Public-benchmark snapshot

Benchmark	Sample	Score
GSM8K (T=0, COT-style, exact-match on `#### N`)	100	93.0% (93/100)
HumanEval pass@1 (T=0, greedy, subprocess-exec tests)	164 (full)	96.3% (158/164)
MMLU (T=0, mixed subjects, max_tokens=128 to leave room for reasoning)	100	53.0% (53/100) ¹
Internal capability eval (math/code/reasoning/knowledge/instruction/longform/tools)	14	13/14 (92.9%)

The HumanEval result is the full 164-problem set with real unit-test execution (greedy T=0, content-only extraction, 60 s test timeout, sandboxed subprocess). Of the 6 failures: 3 were NameError (model named the function differently from the prompt's entry_point), 2 were AssertionError (real wrong answers), 1 was AttributeError (used list.add instead of list.append). Total wall time for the full run: 11.3 min at concurrency 2 on this hardware.

¹ The MMLU sample mixed all 57 subjects uniformly (incl. hard categories like formal_logic, college_*, professional_law). The model's main forward path is identical to pastapaul/DeepSeek-V4-Flash-W4A16-FP8, so headline numbers track that base — refer to base-model evals for tight numbers across full leaderboards.
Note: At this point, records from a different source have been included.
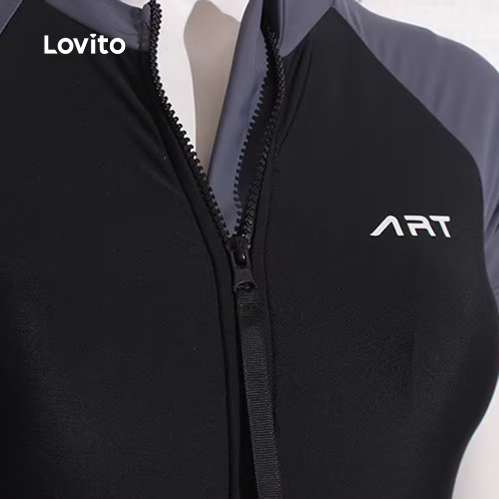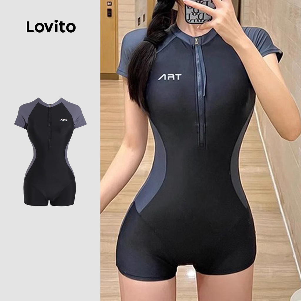Lovito Maiô Onepiece Esportivo Colorblock Primavera/verão Preto Maiô Onepiece para Mulheres LNE126026
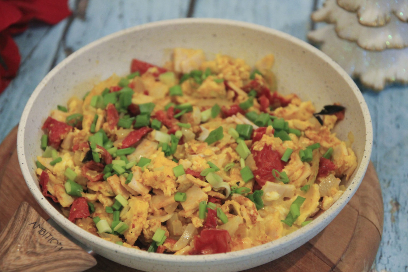 Warto zauważyć, że moja jajecznica z suszonymi pomidorami jest przygotowana bez soli, a tylko z dodatkiem kurkumy .
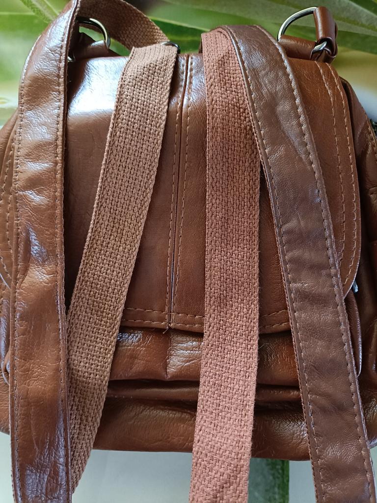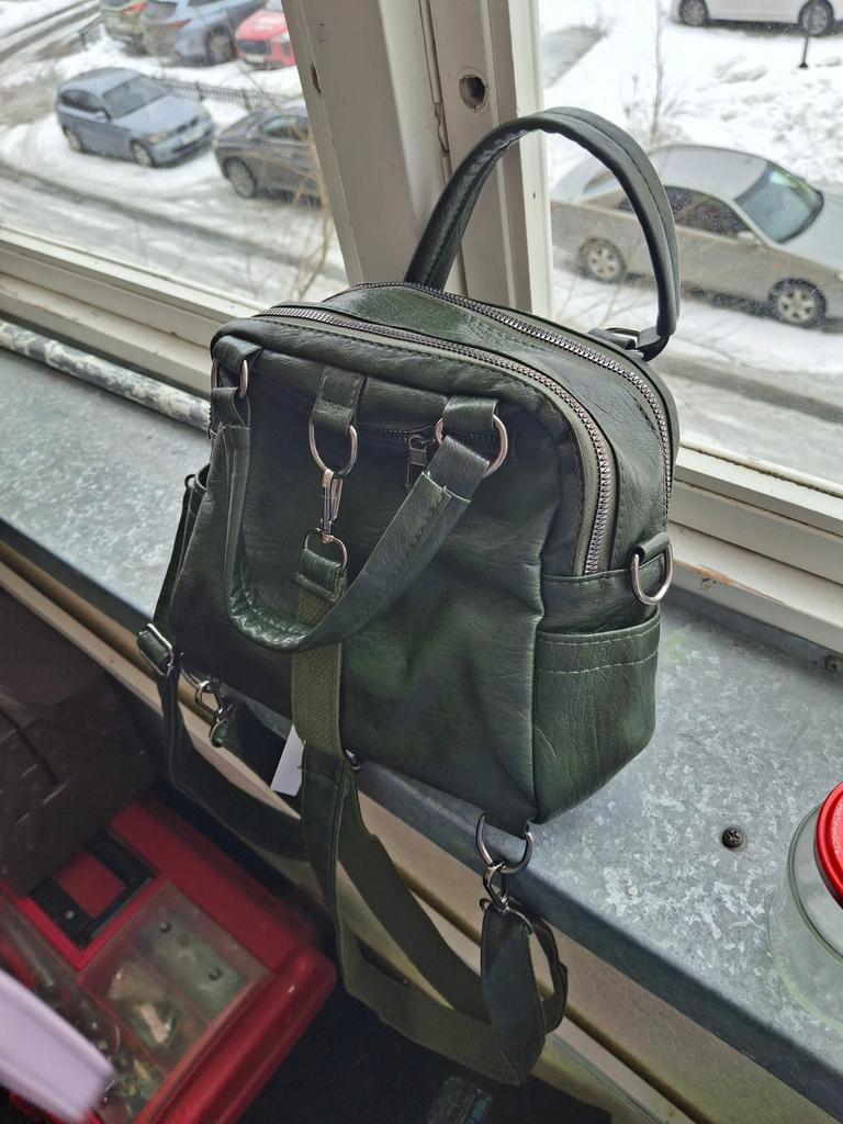 Сумочка хорошая, экокожа мягкая с блеском без запаха, швы аккуратные; длинные ручки на тканевой основе -простоваты, но в общем не выделяются; ношу как сумку через плечо, т.к. для рюкзака маловат размер, не в моём вкусе; четвёрку ставлю за цвет, ждала зелёный, получила чёрный, но чёрный хороший, глянцевый, оставила.

How to run (production canonical, on this hardware family)

vLLM does not load this model on a vanilla install. You need:

The patched vLLM fork: jasl/vllm at b158e5001 (or ds4-sm120-experimental tip), with the Acti MTP patches applied (one-line additions to deepseek_v4_mtp.py — see Patches below).
The DSV4-Flash-FP8 toolchain: kylesayrs/deepseek-ct cherry-pick, the pasta-paul packed_modules_mapping patch, torch 2.11.0+cu128, compressed-tensors >= 0.15.0.1.
On RTX PRO 6000 Max-Q workstation cards (no NVLink): you must pass --disable-custom-all-reduce — vLLM's CustomAllreduce uses CUDA P2P that deadlocks on this PCIe-only topology, independent of NCCL's NCCL_P2P_DISABLE.

A complete reproducible workspace, including all the patches and a one-shot install script, is at:

https://github.com/pasta-paul/dsv4-flash-w4a16-fp8 (base model + serving stack)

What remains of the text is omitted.